::: Collected data
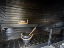 - Varusteet: sähkökiuas. Tunnelmalliseksi käsitellyt tummat pinnat. Seinämateriaali: paneeliseinä. Lattiamateriaali: laattalattia
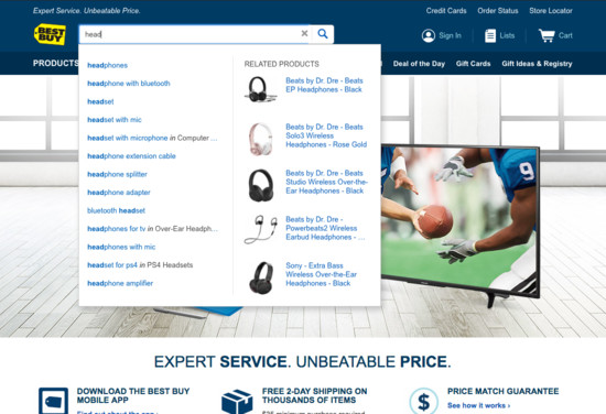 Best Buy’s On-Site Search performance is acceptable. Notably, Best Buy’s on-site search performance is hampered by mediocre Results Layout & Filtering and poor Results Logic & Guidance, although this is helped somewhat by good Search Form & Logic and Search Autocomplete.
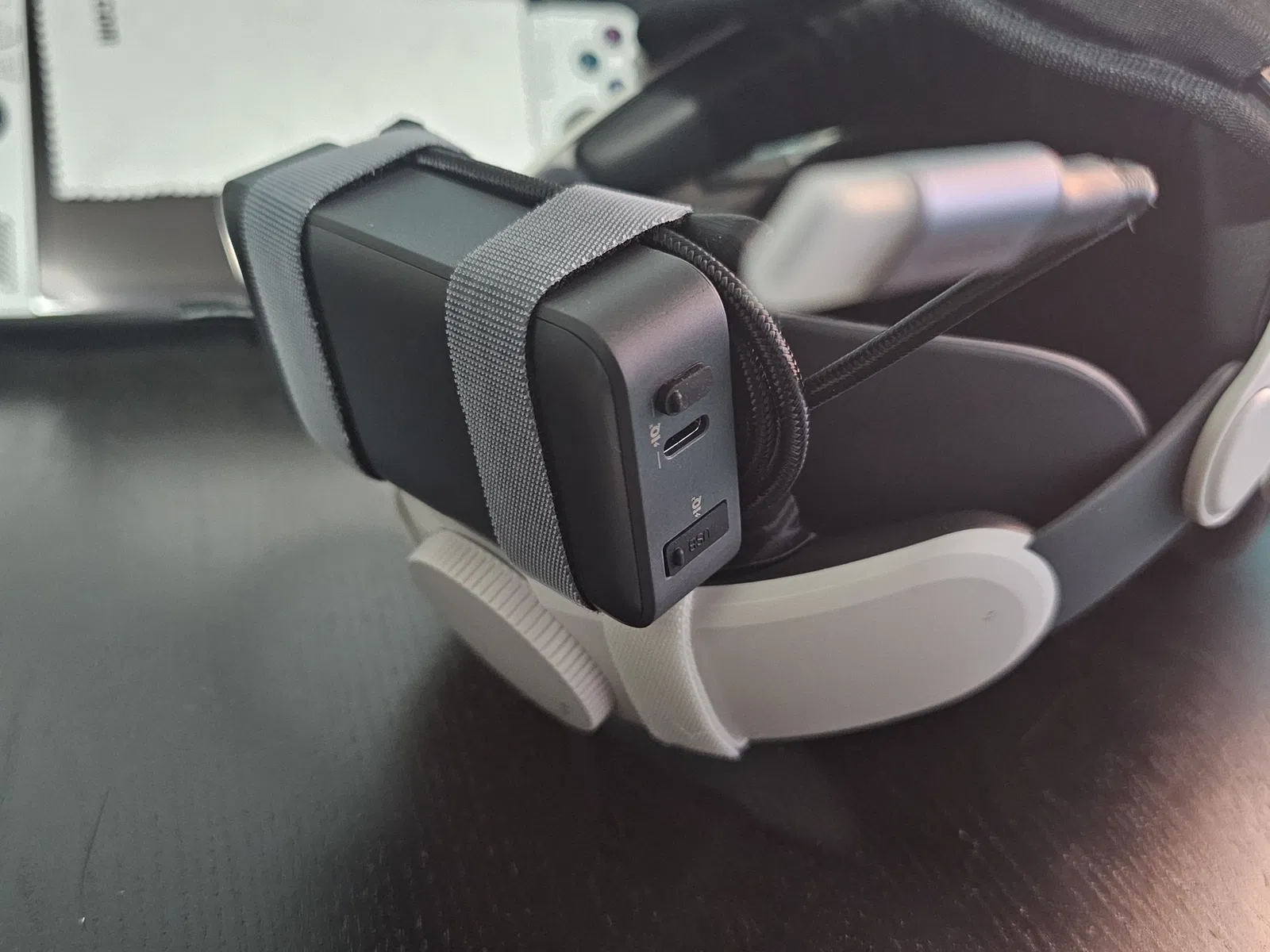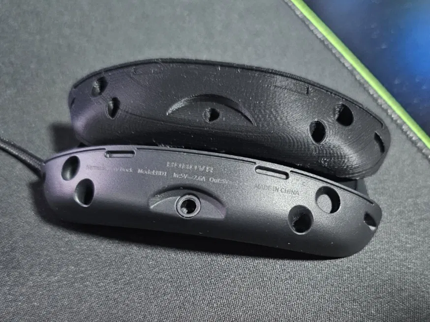Một đế pin thay thế được lắp đầy đủ cho BOBOVR M3 (và các loại dây đeo tương tự sử dụng cùng đế pin) với một mặt sau để gắn dây velcro cho bất kỳ sạc dự phòng nào có kích thước/trọng lượng tương đối.
::::::
### [Exercise]
Transcribe the whole listing exactly as it stands, apart from the pictures.

### [Solution to this problem]
 - Varusteet: sähkökiuas. Tunnelmalliseksi käsitellyt tummat pinnat. Seinämateriaali: paneeliseinä. Lattiamateriaali: laattalattia
 Best Buy’s On-Site Search performance is acceptable. Notably, Best Buy’s on-site search performance is hampered by mediocre Results Layout & Filtering and poor Results Logic & Guidance, although this is helped somewhat by good Search Form & Logic and Search Autocomplete.
Một đế pin thay thế được lắp đầy đủ cho BOBOVR M3 (và các loại dây đeo tương tự sử dụng cùng đế pin) với một mặt sau để gắn dây velcro cho bất kỳ sạc dự phòng nào có kích thước/trọng lượng tương đối.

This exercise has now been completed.